(Provided entries)
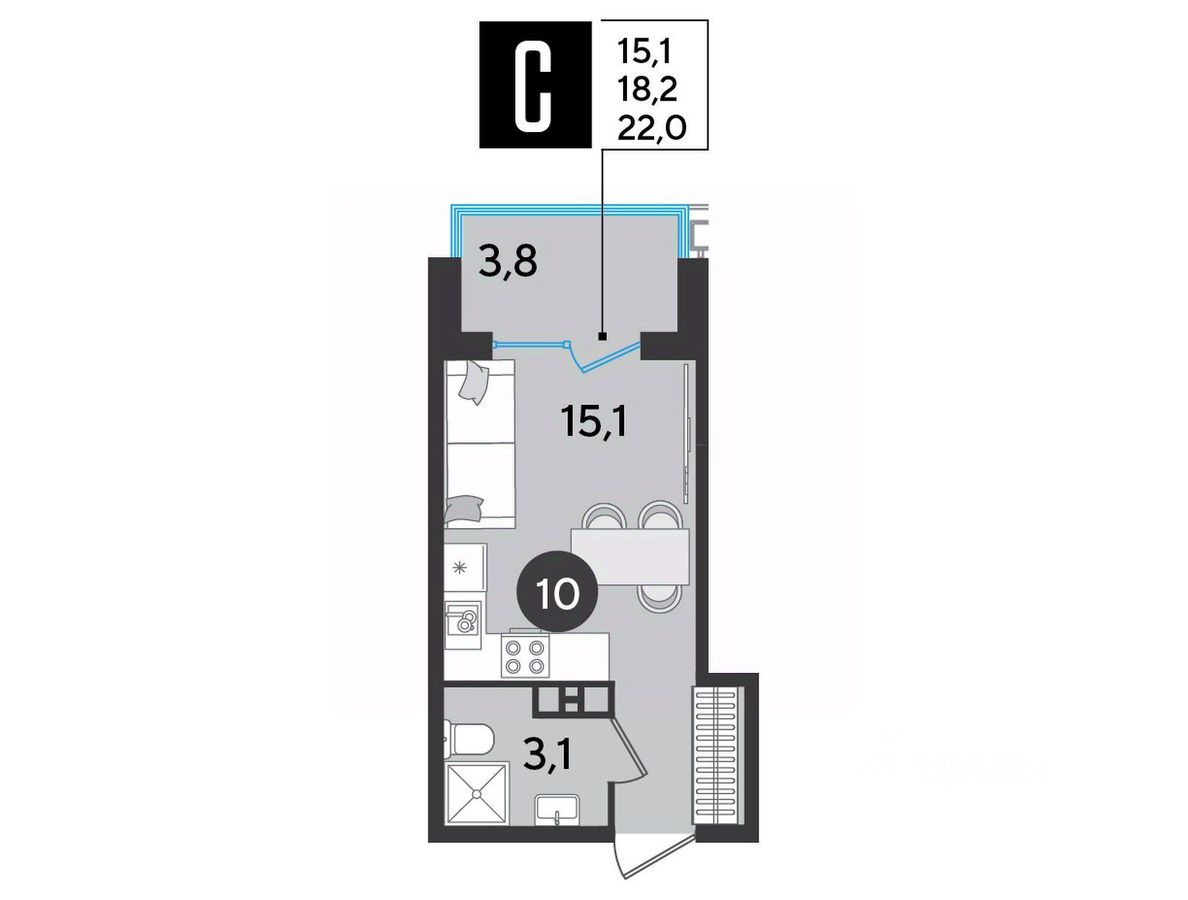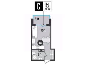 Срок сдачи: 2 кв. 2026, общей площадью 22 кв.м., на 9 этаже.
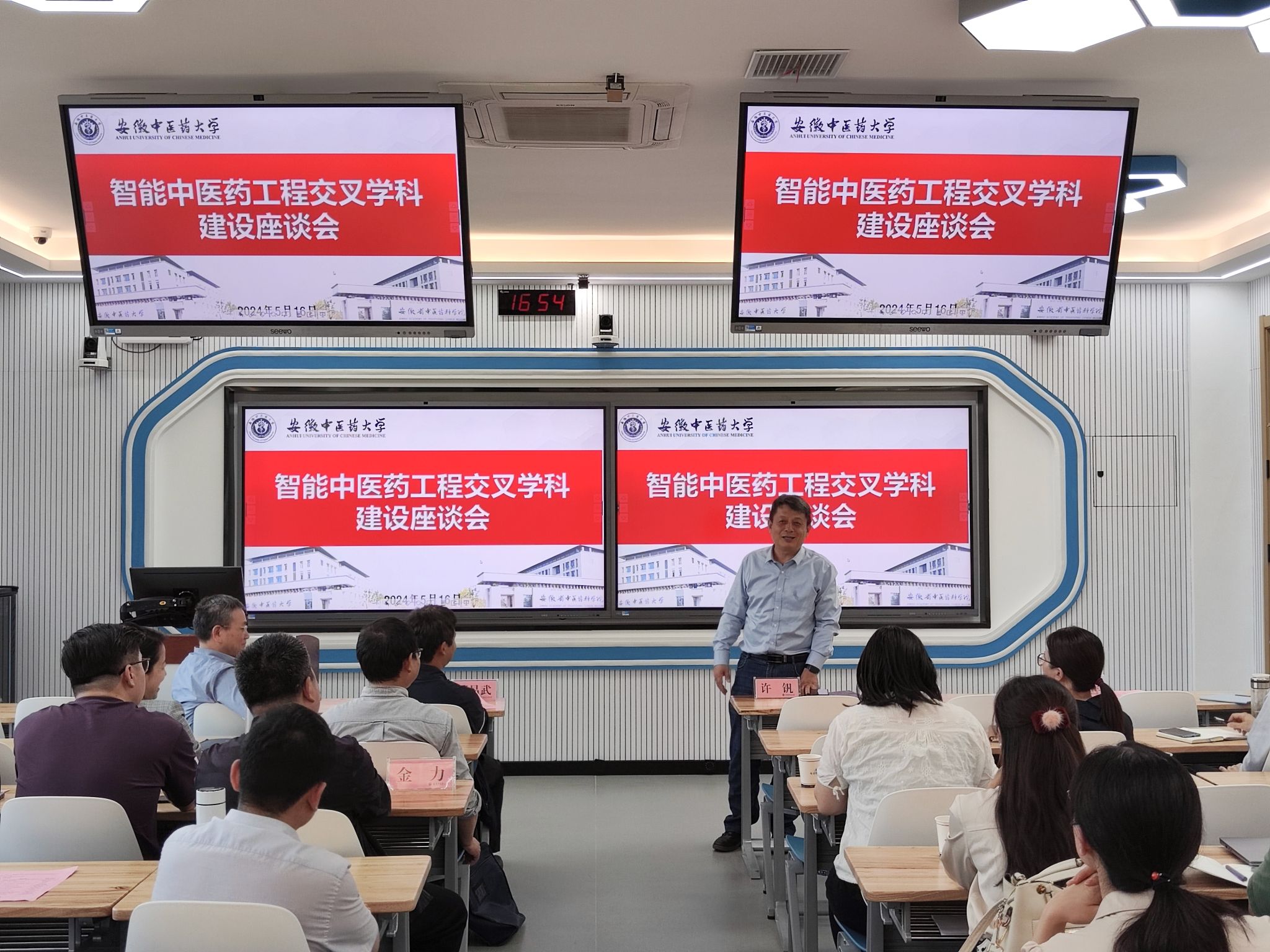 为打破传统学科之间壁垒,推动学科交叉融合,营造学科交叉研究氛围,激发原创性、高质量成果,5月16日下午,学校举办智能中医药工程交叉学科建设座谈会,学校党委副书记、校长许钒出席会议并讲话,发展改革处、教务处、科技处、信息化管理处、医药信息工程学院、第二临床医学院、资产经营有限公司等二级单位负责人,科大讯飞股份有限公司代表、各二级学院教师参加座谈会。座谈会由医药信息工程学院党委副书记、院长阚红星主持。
(End Provided entries)
(Provided entries)
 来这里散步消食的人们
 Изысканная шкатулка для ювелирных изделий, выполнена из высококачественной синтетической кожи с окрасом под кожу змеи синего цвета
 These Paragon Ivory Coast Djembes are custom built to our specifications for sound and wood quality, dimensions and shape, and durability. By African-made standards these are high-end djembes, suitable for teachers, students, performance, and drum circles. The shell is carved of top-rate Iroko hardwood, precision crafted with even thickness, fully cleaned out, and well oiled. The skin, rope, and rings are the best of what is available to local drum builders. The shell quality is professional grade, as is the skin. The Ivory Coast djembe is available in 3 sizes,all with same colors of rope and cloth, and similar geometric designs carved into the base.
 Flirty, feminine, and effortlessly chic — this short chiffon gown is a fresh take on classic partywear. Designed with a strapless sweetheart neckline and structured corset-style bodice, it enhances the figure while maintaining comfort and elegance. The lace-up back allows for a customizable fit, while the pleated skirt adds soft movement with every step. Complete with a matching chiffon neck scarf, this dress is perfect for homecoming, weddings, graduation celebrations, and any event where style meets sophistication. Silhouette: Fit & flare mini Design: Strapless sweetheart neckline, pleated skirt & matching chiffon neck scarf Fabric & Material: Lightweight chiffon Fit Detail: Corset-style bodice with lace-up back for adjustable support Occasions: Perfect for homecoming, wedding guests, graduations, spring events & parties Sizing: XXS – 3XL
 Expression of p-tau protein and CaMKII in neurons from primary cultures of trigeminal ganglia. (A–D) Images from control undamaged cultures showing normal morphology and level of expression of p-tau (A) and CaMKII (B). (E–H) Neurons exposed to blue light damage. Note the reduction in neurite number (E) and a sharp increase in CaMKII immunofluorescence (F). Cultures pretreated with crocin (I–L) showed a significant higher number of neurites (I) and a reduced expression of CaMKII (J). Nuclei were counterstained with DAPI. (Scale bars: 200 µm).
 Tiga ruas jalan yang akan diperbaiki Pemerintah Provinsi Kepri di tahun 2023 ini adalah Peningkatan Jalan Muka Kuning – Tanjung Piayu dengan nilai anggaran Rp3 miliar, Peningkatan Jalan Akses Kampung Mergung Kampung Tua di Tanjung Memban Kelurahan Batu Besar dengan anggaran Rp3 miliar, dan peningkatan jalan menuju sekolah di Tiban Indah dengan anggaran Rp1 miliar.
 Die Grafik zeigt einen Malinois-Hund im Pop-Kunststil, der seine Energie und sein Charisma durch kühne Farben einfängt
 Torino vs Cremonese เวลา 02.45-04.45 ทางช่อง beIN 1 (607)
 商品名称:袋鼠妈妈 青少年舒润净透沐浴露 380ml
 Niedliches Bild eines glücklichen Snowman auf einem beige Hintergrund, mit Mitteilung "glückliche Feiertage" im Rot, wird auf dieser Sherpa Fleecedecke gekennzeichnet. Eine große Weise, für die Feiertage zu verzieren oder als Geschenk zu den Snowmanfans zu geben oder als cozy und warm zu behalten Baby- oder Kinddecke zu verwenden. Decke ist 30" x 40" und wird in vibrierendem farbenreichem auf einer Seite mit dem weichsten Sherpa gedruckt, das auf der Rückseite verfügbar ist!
(End Provided entries)
Both end lines included, restate word for word the lines above from the line with "Torino vs Cremonese" to the line with "Niedliches Bild eines", and nothing else.

 Torino vs Cremonese เวลา 02.45-04.45 ทางช่อง beIN 1 (607)
 商品名称:袋鼠妈妈 青少年舒润净透沐浴露 380ml
 Niedliches Bild eines glücklichen Snowman auf einem beige Hintergrund, mit Mitteilung "glückliche Feiertage" im Rot, wird auf dieser Sherpa Fleecedecke gekennzeichnet. Eine große Weise, für die Feiertage zu verzieren oder als Geschenk zu den Snowmanfans zu geben oder als cozy und warm zu behalten Baby- oder Kinddecke zu verwenden. Decke ist 30" x 40" und wird in vibrierendem farbenreichem auf einer Seite mit dem weichsten Sherpa gedruckt, das auf der Rückseite verfügbar ist!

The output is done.